→ Task statement
Nothing but the lines from the top of the data to the line holding "Blusa Plus Size" should be printed, word for word and both ends included; leave the pictures out.

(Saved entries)
....
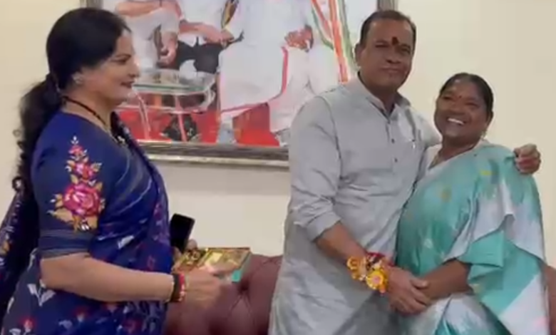 రక్షాబంధన్ సందర్భంగా మంత్రి కోమటిరెడ్డి వెంకట్రెడ్డికి మంత్రి సీతక్క రాఖీ కట్టారు. ఒకరికొకరు స్వీట్స్ తినిపించుకొని రాఖీ పండగ శుభాకాంక్షలు తెలిపారు. అన్న చెల్లెళ్ల,అక్క తమ్ముళ్ళ అని అనుబంధాన్ని చాటే రాఖీ పండుగ ప్రతి ఒక్కరు ఆనందోత్సాహాల నడుమ జరుపుకోవాలని మంత్రి కోమటిరెడ్డి వెంకట్ రెడ్డి ఆకాంక్షించారు.
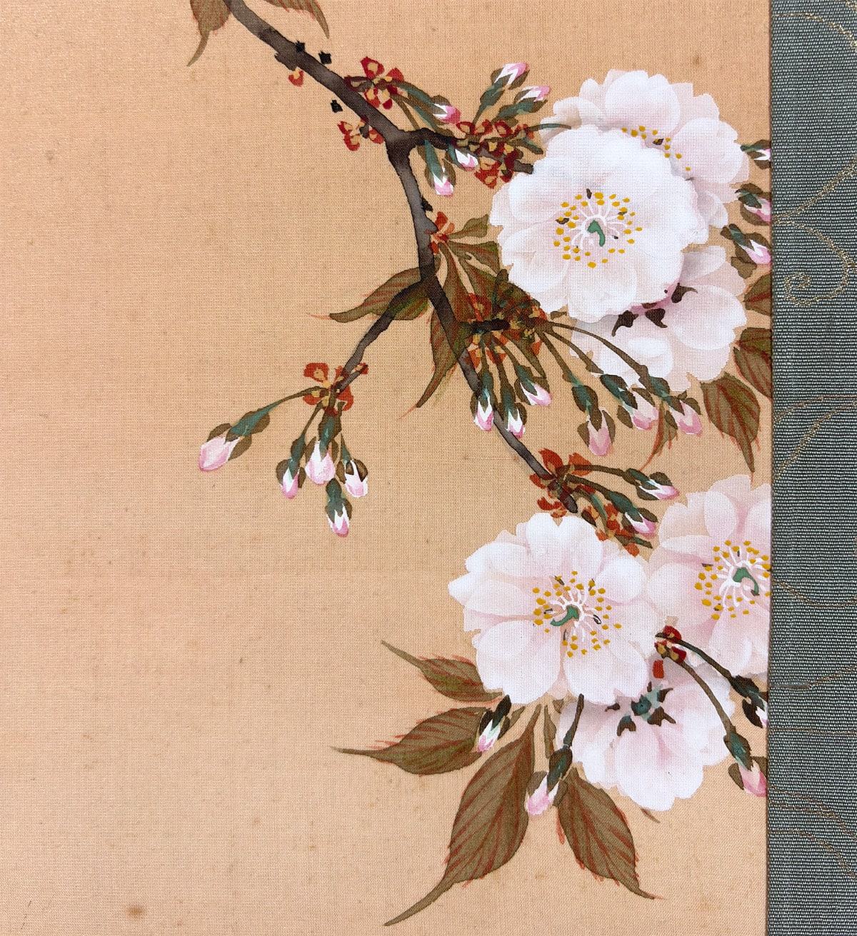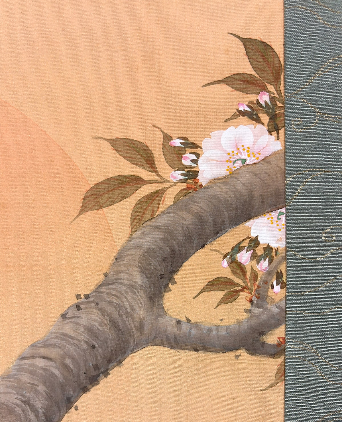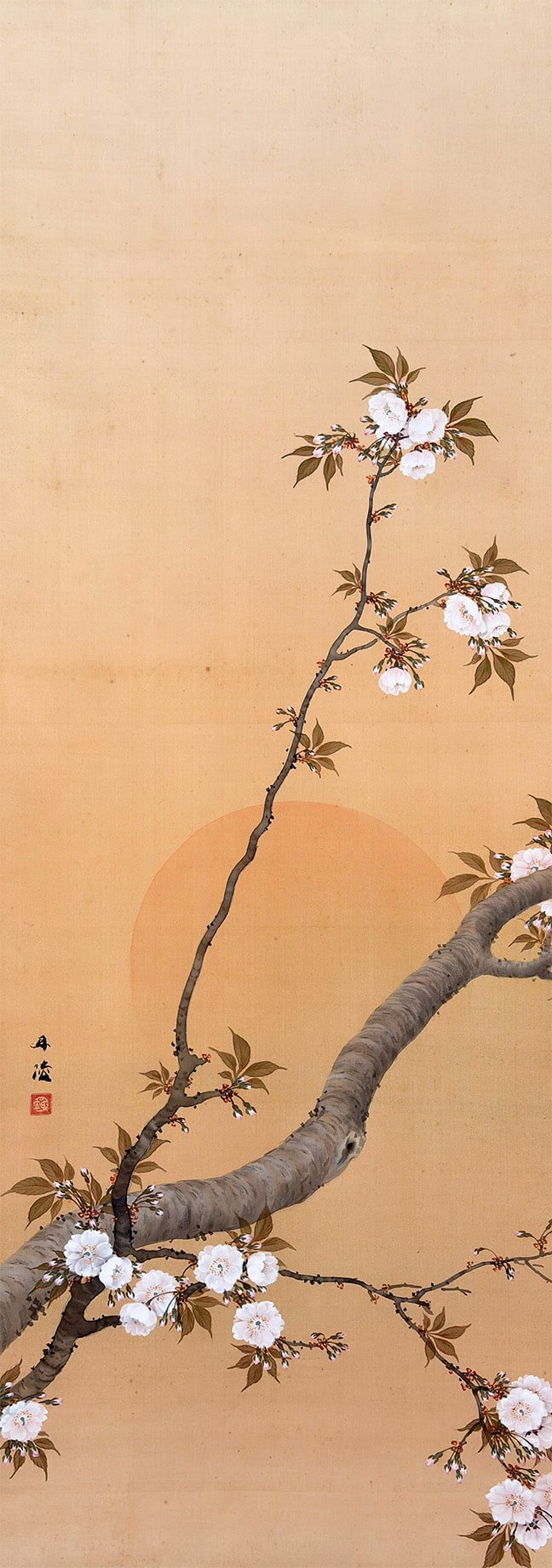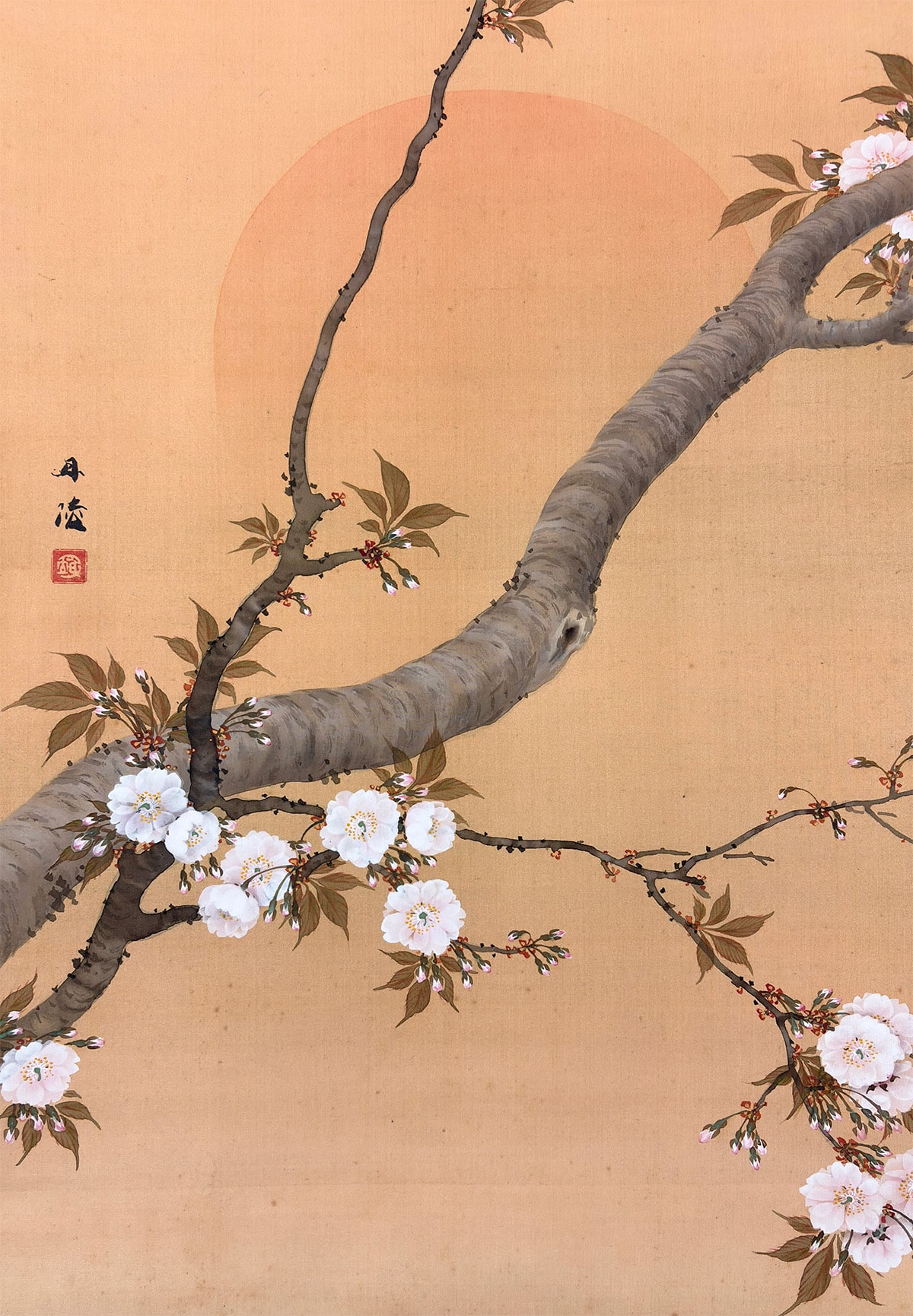 ●柔らかな朝日を受けて咲きほこる桜を描いた《旭日桜花》は、一日の始まりを象徴する光と、春の生命力を宿す桜が調和した、たいへん縁起のよい題材です。
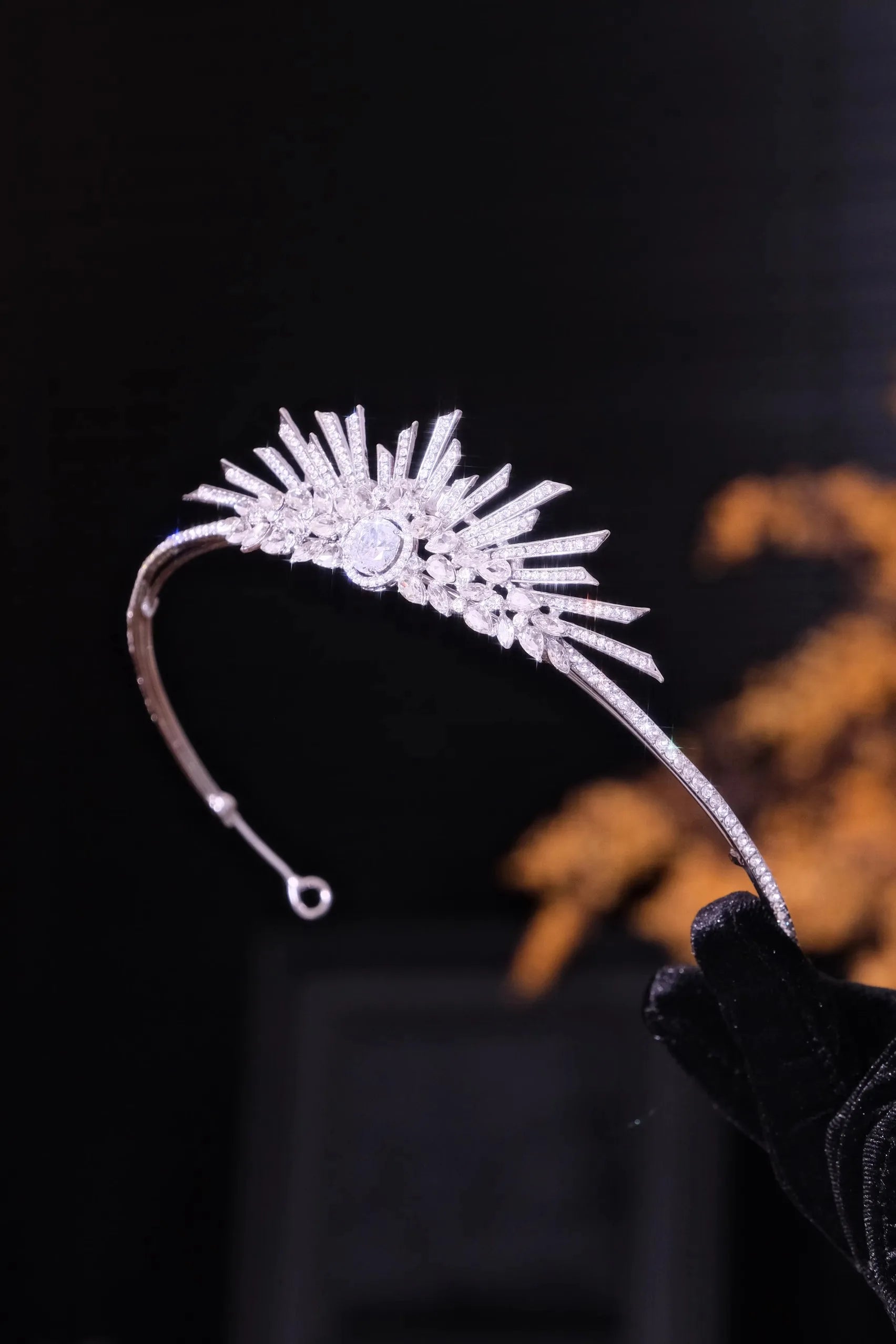 Wedding Hair Accessories Zirconia Rhinestones Tiaras and Crowns Crystal Headband Women Brides Pageant Prom Diadem Bridal Jewelry
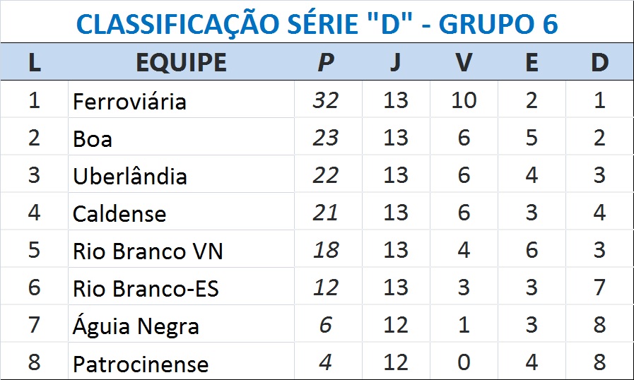 Mais dois times mineiros se classificaram pelo mesmo grupo, graças ao triunfo do Boa Esporte. O Uberlândia derrotou o Rio Branco-ES, por 2 a 0, em Cariacica, e subiu para o terceiro lugar, com 22 pontos. A Caldense perdeu para a Ferroviária, líder, por 3 a 1, em Araraquara, caiu para a quarta posição, mas também está garantida na etapa seguinte da Série D.
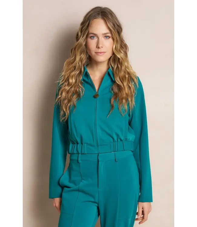 Blazer Lucie is een korte teal blazer met blousekraag en ritssluiting. De elastische tailleband zorgt voor een mooie aansluiting en accentueert het silhouet.
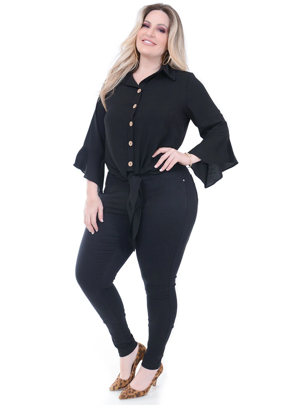 Blusa Plus Size Recorte no Decote Botões na Gola em Crepe
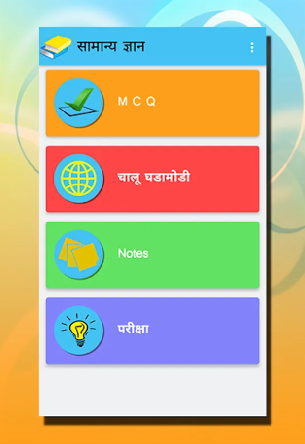 Marathi GK & Current Affairs (सामान्य ज्ञान & चालू घडामोडी ) application provides many general knowledge and Current Affairs topics (Notes & MCQ) for competitive exam preparation in Marathi Language.
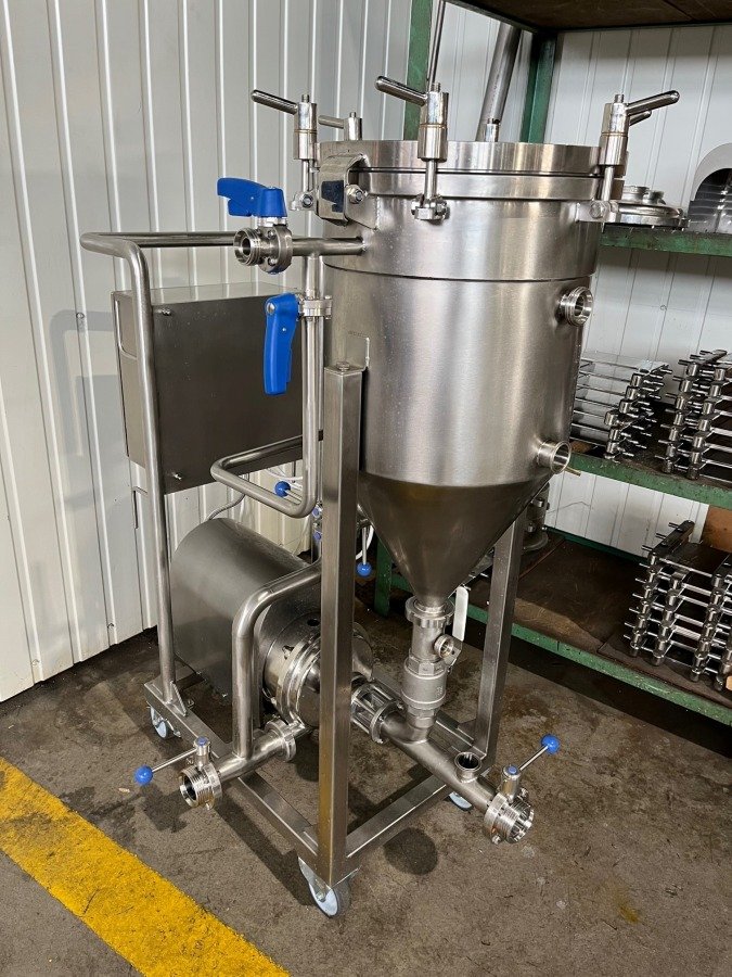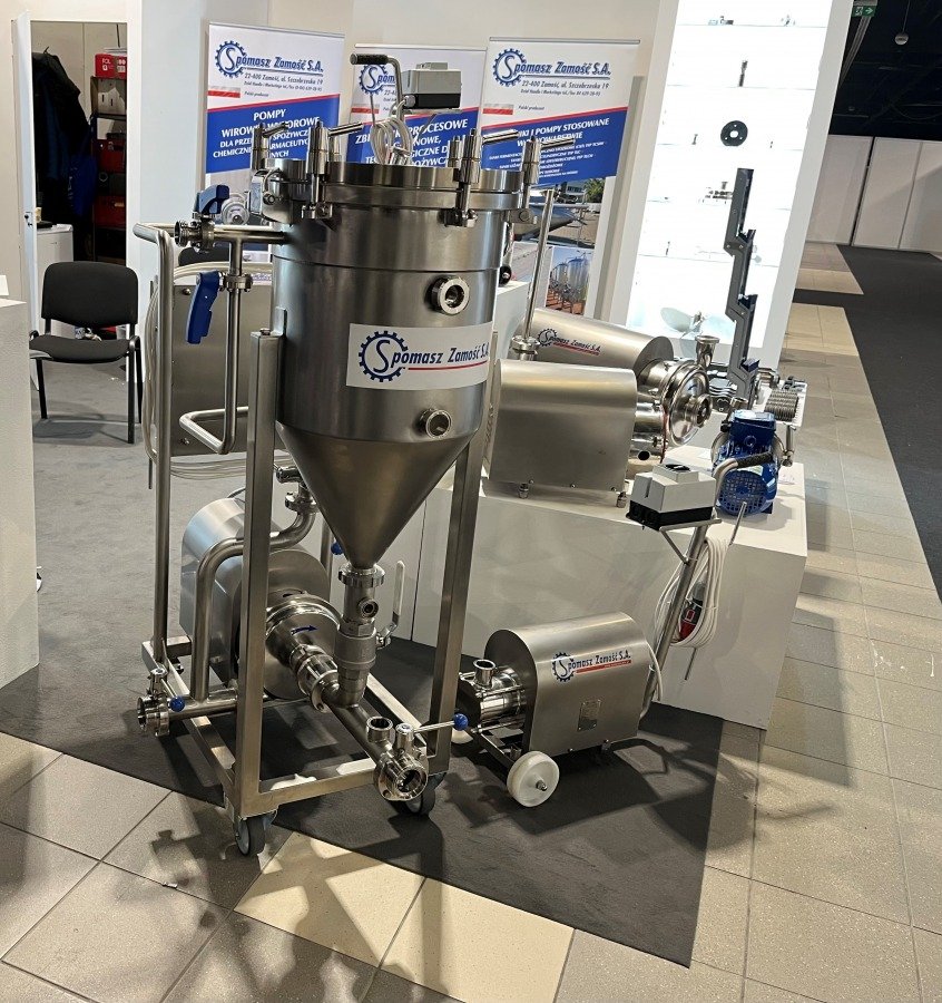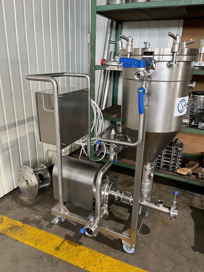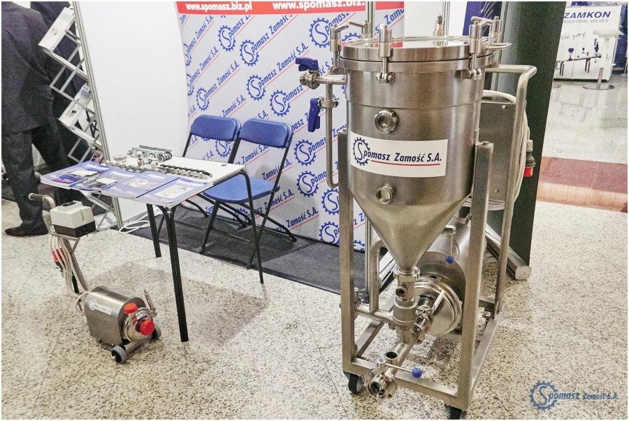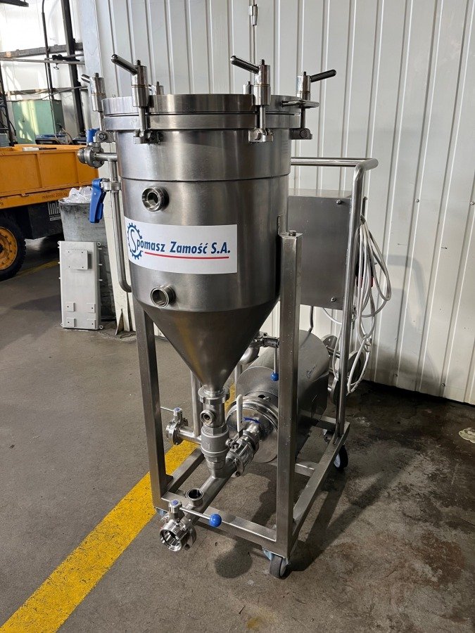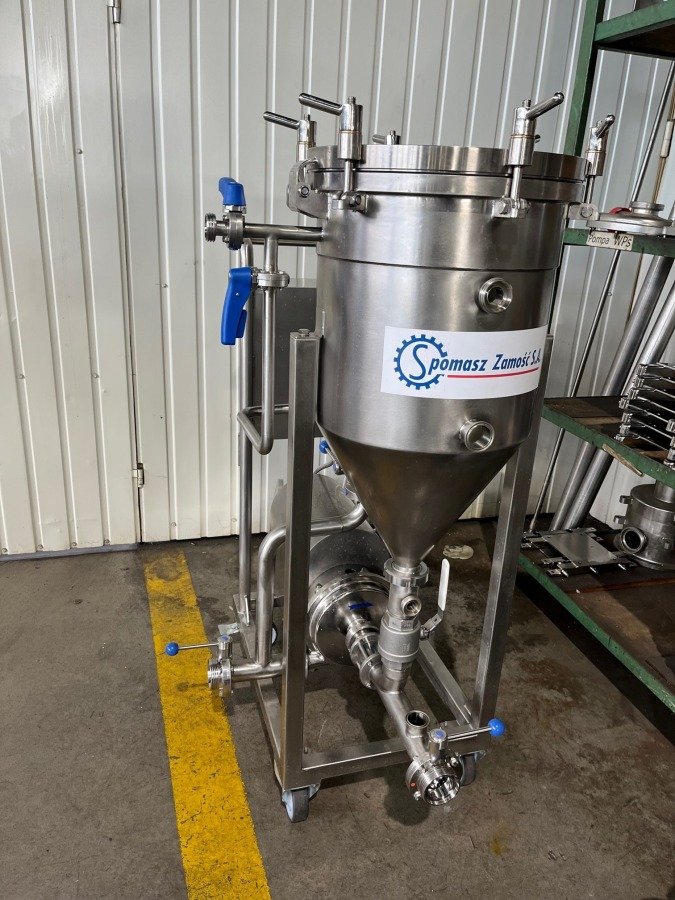 Zasobnik w formie zbiornika walcowo stożkowego. Zasobnik przystosowany do pracy pod ciśnieniem produktu, wyposażny we właz ze szklaną pokrywą, niezbędne przyłacza oraz głowicę myjącą. Pojemność robocza zasobnika wynosi 50L.
....
→ Exercise output
 రక్షాబంధన్ సందర్భంగా మంత్రి కోమటిరెడ్డి వెంకట్రెడ్డికి మంత్రి సీతక్క రాఖీ కట్టారు. ఒకరికొకరు స్వీట్స్ తినిపించుకొని రాఖీ పండగ శుభాకాంక్షలు తెలిపారు. అన్న చెల్లెళ్ల,అక్క తమ్ముళ్ళ అని అనుబంధాన్ని చాటే రాఖీ పండుగ ప్రతి ఒక్కరు ఆనందోత్సాహాల నడుమ జరుపుకోవాలని మంత్రి కోమటిరెడ్డి వెంకట్ రెడ్డి ఆకాంక్షించారు.
 ●柔らかな朝日を受けて咲きほこる桜を描いた《旭日桜花》は、一日の始まりを象徴する光と、春の生命力を宿す桜が調和した、たいへん縁起のよい題材です。
 Wedding Hair Accessories Zirconia Rhinestones Tiaras and Crowns Crystal Headband Women Brides Pageant Prom Diadem Bridal Jewelry
 Mais dois times mineiros se classificaram pelo mesmo grupo, graças ao triunfo do Boa Esporte. O Uberlândia derrotou o Rio Branco-ES, por 2 a 0, em Cariacica, e subiu para o terceiro lugar, com 22 pontos. A Caldense perdeu para a Ferroviária, líder, por 3 a 1, em Araraquara, caiu para a quarta posição, mas também está garantida na etapa seguinte da Série D.
 Blazer Lucie is een korte teal blazer met blousekraag en ritssluiting. De elastische tailleband zorgt voor een mooie aansluiting en accentueert het silhouet.
 Blusa Plus Size Recorte no Decote Botões na Gola em Crepe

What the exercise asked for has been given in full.